The recent opening of a well-produced and costly film on the 2012 Benghazi incident in which four Americans, including an Ambassador were killed, reminds us of the sadly dangerous world we live in.  Ambassador Chris Stevens and the three young men that lost their lives that night, believed that they were in Benghazi, Libya, to help spread America's message of freedom and give hope to a nation in great need of something in which to believe.  When I was a child, I would spend hours looking at the globe my parents bought me for my ninth birthday, and try to learn, day by day, a little bit about all the different countries around the world.  Over the year, I remember using that globe to identify places where war had broken out.  As I've gotten older, the areas free from conflict has continually gotten smaller.  Today, as I look at a map of the world, I can no longer identify a place which isn't in some way either directly under attack or threatened by the plague of Islamic Extremist terrorism.  In the seven years following the 9-11 tragedy, the United States used its military capability to force the terrorist elements to fight in their own backyard.  True, Al-Qaeda was guest-of-honor of the Taliban in Afghanistan, not Saddam Hussein in Iraq.  But strategically, the best way to get at Al-Qaeda in Afghanistan was by using Iraq as a spring-board.  The Bush Administration had been in a war of words with Iraq and its manipulation of the oil-for-food program to ignore United Nation's Resolutions.  I don't know the real answer, but it would seem that the Bush Administration gambled that the Democrats, the United Nations, and the rest of the world wouldn't mind if the U.S. borrowed Iraq's U.N. Resolution violations as an excuse to invade Iraq and turn it into a U.S. military base.  I understand the reasoning behind the strategy: the best was to annihilate Al-Qaeda was to force them into a conventional war (to which they were wholly unsuited) in their own backyard; no place to retreat. 

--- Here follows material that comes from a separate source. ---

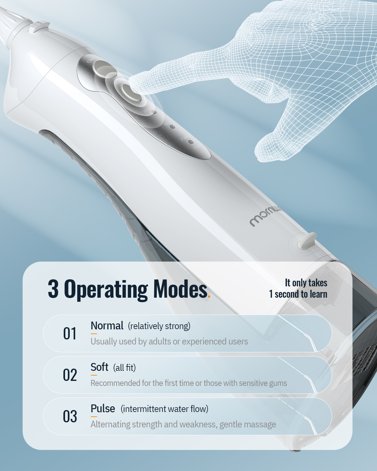 • 【3 Clean Modes with Memory Function】The cordless water flosser has Normal, Soft, and Pulse modes to meet various oral care needs, deeply clean every corner precisely, remove food debris, prevent bad breath, dental calculus, dental plaque, and gingival bleeding. Memory Function helps keep on with your preferable mode for next use.

As for the politics involved, and the Weapons of Mass Destruction issue, I understand the frustration of folks who did not follow the Bush Administration's lead.  But Saddam Hussein was a brutal tyrant who had ignored every attempt by the United Nations to get him in line.  And by 2009, the Iraqi insurgency was over, and Iraq was beginning, for the first time as an independent and free nation, to stand on its own feet (thank you, U.S. taxpayer).  You see, while the military was defeating first, Saddam loyalists and second, the insurgency, we had engineers, architects, plumbers, construction specialists, electricians, town planners, and all sorts of other "nation rebuilding" experts in place, to rebuild Iraq.  Highways were put back in order, from one side of Iraq to the other.  The urban transportation systems were modernized and put back on line, along with traffic lights and speed limits.  The water distribution and waste disposal systems in place were practically from the time of the Ottomans, and we fixed what was repairable and replaced the rest.  Education was important to President Bush, and school building was a priority, from grade school to university-level education.  A tremendous effort to put Iraq's refining capacity back on line was not complete by 2009, but a great deal had been accomplished.  Also, the U.S. military was in the process of training a streamlined, effective, modern Iraqi Armed Forces.